_TASK INSTRUCTIONS_:
All that is wanted is the line with "nghiệp khác nhau" and each line after it to the end of the data below, set down exactly and without pictures.

_INFORMATION SHOWN_:
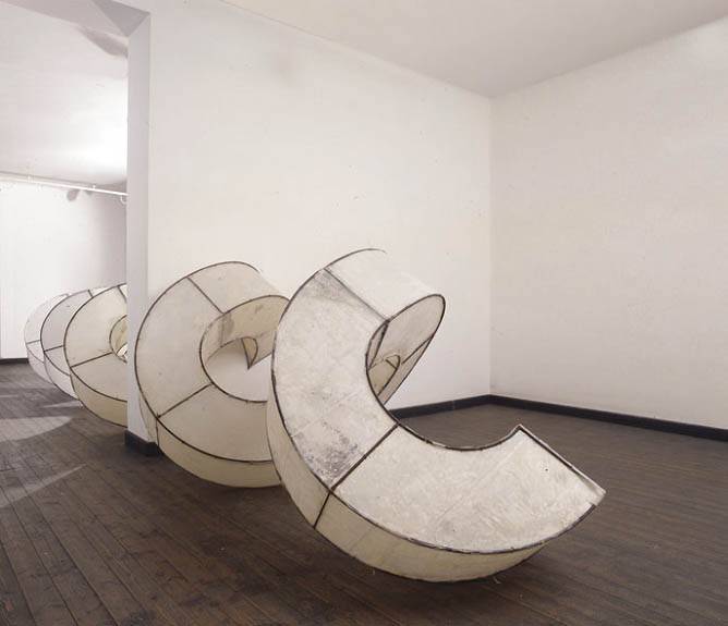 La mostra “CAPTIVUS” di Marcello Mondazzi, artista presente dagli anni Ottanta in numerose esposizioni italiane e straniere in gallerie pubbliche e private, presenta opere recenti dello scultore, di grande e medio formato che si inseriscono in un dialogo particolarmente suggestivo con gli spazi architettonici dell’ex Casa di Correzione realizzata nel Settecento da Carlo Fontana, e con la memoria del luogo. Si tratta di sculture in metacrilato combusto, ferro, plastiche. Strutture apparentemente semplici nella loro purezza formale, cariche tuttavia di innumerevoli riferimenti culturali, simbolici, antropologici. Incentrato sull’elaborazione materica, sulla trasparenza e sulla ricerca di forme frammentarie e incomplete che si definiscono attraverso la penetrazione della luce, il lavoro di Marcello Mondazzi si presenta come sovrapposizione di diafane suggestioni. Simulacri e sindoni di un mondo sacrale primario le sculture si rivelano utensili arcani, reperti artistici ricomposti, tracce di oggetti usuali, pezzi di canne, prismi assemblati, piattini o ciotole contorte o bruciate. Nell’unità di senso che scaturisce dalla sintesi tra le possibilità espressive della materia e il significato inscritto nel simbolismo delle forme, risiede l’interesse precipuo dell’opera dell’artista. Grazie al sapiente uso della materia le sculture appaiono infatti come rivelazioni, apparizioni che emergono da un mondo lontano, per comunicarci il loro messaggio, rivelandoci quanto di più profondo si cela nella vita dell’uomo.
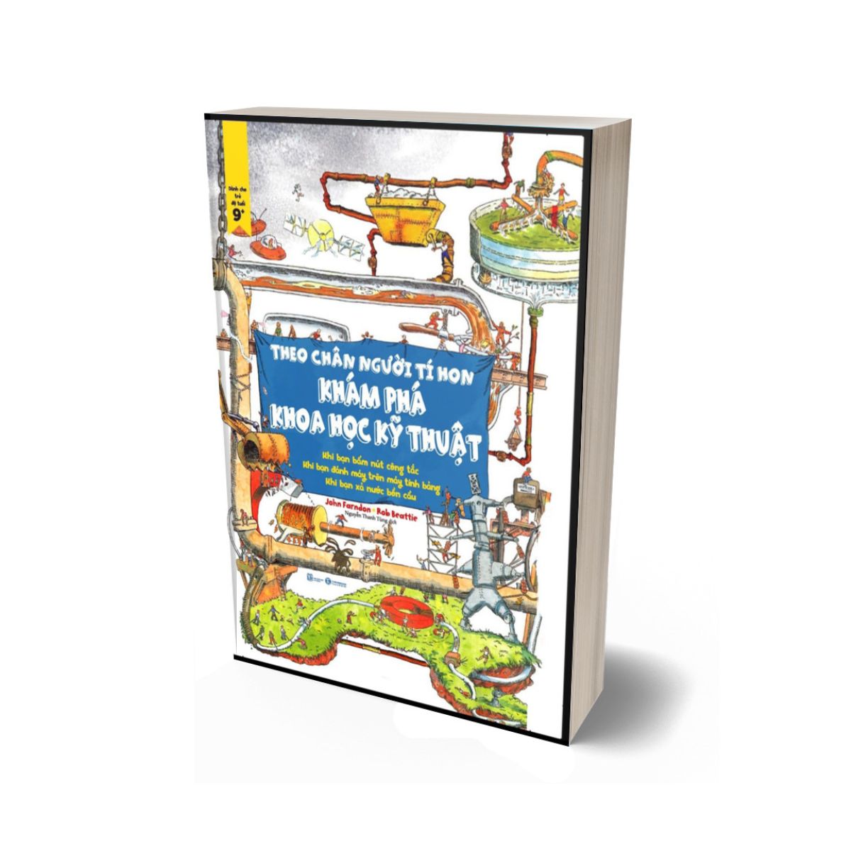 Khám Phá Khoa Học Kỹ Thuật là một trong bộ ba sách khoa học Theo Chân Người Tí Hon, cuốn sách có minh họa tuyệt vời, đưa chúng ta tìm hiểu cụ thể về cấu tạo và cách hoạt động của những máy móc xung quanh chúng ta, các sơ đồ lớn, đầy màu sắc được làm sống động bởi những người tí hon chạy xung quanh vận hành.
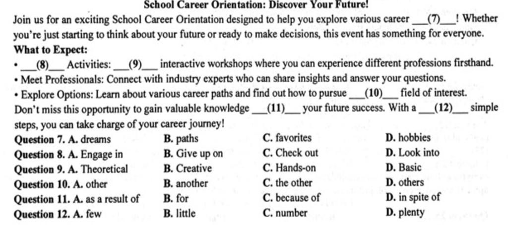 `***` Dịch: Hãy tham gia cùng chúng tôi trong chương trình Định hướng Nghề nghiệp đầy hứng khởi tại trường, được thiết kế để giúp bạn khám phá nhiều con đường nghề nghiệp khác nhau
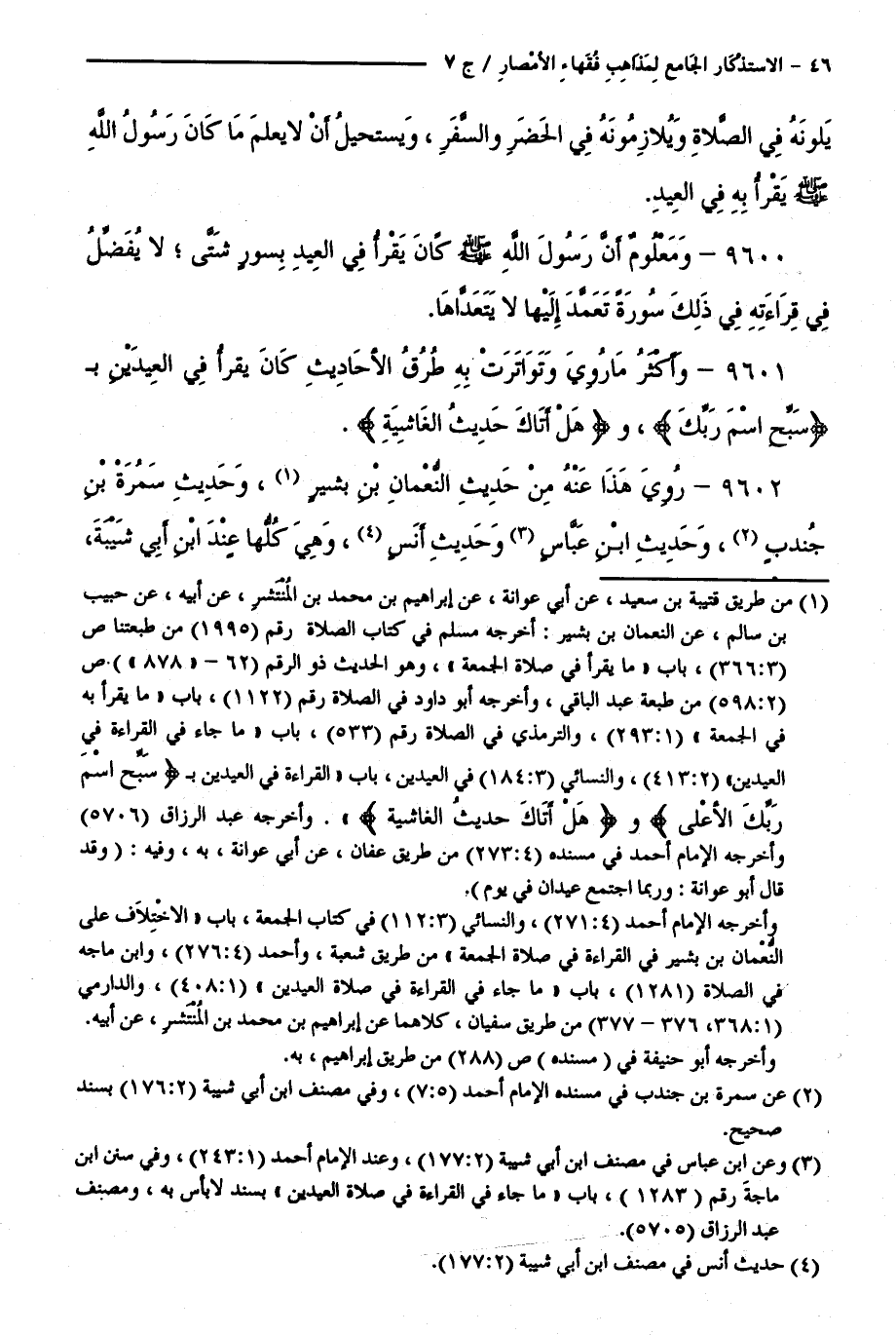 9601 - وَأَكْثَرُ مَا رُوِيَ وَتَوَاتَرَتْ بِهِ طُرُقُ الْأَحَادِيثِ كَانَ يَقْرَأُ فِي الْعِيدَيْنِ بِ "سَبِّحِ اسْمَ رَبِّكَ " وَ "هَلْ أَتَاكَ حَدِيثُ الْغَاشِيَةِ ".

_RESPONSE BELOW_:
 `***` Dịch: Hãy tham gia cùng chúng tôi trong chương trình Định hướng Nghề nghiệp đầy hứng khởi tại trường, được thiết kế để giúp bạn khám phá nhiều con đường nghề nghiệp khác nhau
 9601 - وَأَكْثَرُ مَا رُوِيَ وَتَوَاتَرَتْ بِهِ طُرُقُ الْأَحَادِيثِ كَانَ يَقْرَأُ فِي الْعِيدَيْنِ بِ "سَبِّحِ اسْمَ رَبِّكَ " وَ "هَلْ أَتَاكَ حَدِيثُ الْغَاشِيَةِ ".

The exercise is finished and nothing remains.